Monyet yang diduga berasal dari kawasan Gunung Papandayan itu menyerang Eti sesaat setelah korban pulang berbelanja. Baru turun dari sepeda motor, monyet langsung merebut barang bawaan dan menggigit serta mencakar tangan dan kaki korban hingga luka cukup serius. Beruntung, kondisi Eti kini dilaporkan mulai membaik setelah mendapat perawatan.
Bagi warga Cisurupan, kejadian ini bukan sekadar insiden satwa liar. Ini adalah kejadian pertama monyet turun gunung dan menyerang manusia di wilayah mereka. Namun, bagi lingkungan, peristiwa ini terasa seperti alarm yang sudah lama berisik hanya saja baru didengar setelah ada korban.
Sejak kejadian itu, monyet masih terlihat berkeliaran di atap rumah warga, mendekati permukiman untuk mencari makanan.
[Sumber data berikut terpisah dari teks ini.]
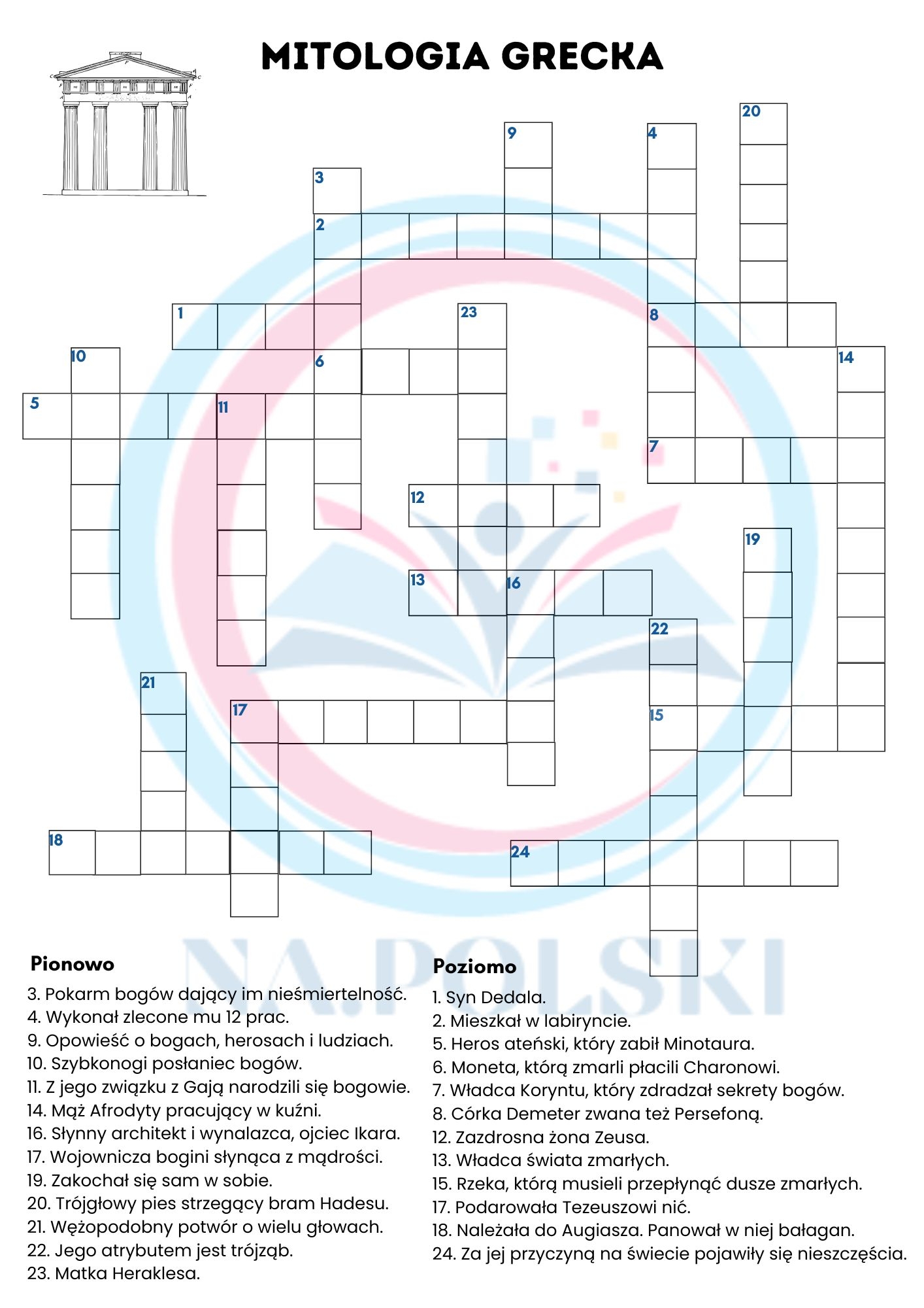 Mitologia grecka - krzyżówka wraz z rozwiązaniem.
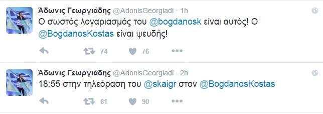 Παρότι είναι δεινός χρήστης του Twitter, ο Άδωνις Γεωργιάδης την… πάτησε. Ο βουλευτής της ΝΔ ήταν καλεσμένος στην εκπομπή του Κωνσταντίνου Μπογδάνου στον ΣΚΑΪ και θέλησε να προαναγγείλλει την τηλεοπτική του εμφάνιση μέσω Twitter.

Warga pun hidup dalam rasa waswas, menunggu kapan satwa yang kehilangan rumahnya itu kembali “menagih ruang hidup”.
Baca Juga : Wabup Garut Ingatkan PDAM Cari Untung Tanpa Bikin Warga Kehausan
Pemerintah desa dan aparat kepolisian telah berkoordinasi dengan Balai Konservasi Sumber Daya Alam (BKSDA). Sejumlah jebakan dipasang untuk menangkap dan mengevakuasi monyet tersebut. Warga diimbau tidak memberi makan satwa liar dan tetap waspada.
Namun di balik imbauan teknis itu, muncul pertanyaan yang lebih besar mengapa monyet turun gunung?

“Jangan tunggu mampu dulu untuk memberi, tidak usah sempat dulu untuk berbuat baik”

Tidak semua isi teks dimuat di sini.